What you will do = Among the records that follow, find the line with "Le modèle parfait." and the line with "مصنوعة بـ إطار". Set down those lines and all lines between them exactly, without adding anything.
[Input material]
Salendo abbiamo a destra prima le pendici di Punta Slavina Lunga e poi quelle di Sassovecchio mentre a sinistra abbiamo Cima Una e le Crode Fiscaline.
[/Input material]
[Input material]
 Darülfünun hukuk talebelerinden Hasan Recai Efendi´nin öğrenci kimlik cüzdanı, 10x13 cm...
[/Input material]
[Input material]
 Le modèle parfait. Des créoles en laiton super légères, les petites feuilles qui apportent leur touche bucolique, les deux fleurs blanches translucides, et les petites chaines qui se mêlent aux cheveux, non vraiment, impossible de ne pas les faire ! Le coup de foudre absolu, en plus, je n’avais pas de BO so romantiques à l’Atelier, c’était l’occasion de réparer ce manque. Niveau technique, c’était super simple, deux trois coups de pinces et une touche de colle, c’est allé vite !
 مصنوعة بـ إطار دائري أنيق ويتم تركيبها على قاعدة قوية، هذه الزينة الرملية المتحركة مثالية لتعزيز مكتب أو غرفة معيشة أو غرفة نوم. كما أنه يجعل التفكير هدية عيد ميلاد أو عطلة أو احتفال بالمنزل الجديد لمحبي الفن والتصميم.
[/Input material]
Task response =
 Le modèle parfait. Des créoles en laiton super légères, les petites feuilles qui apportent leur touche bucolique, les deux fleurs blanches translucides, et les petites chaines qui se mêlent aux cheveux, non vraiment, impossible de ne pas les faire ! Le coup de foudre absolu, en plus, je n’avais pas de BO so romantiques à l’Atelier, c’était l’occasion de réparer ce manque. Niveau technique, c’était super simple, deux trois coups de pinces et une touche de colle, c’est allé vite !
 مصنوعة بـ إطار دائري أنيق ويتم تركيبها على قاعدة قوية، هذه الزينة الرملية المتحركة مثالية لتعزيز مكتب أو غرفة معيشة أو غرفة نوم. كما أنه يجعل التفكير هدية عيد ميلاد أو عطلة أو احتفال بالمنزل الجديد لمحبي الفن والتصميم.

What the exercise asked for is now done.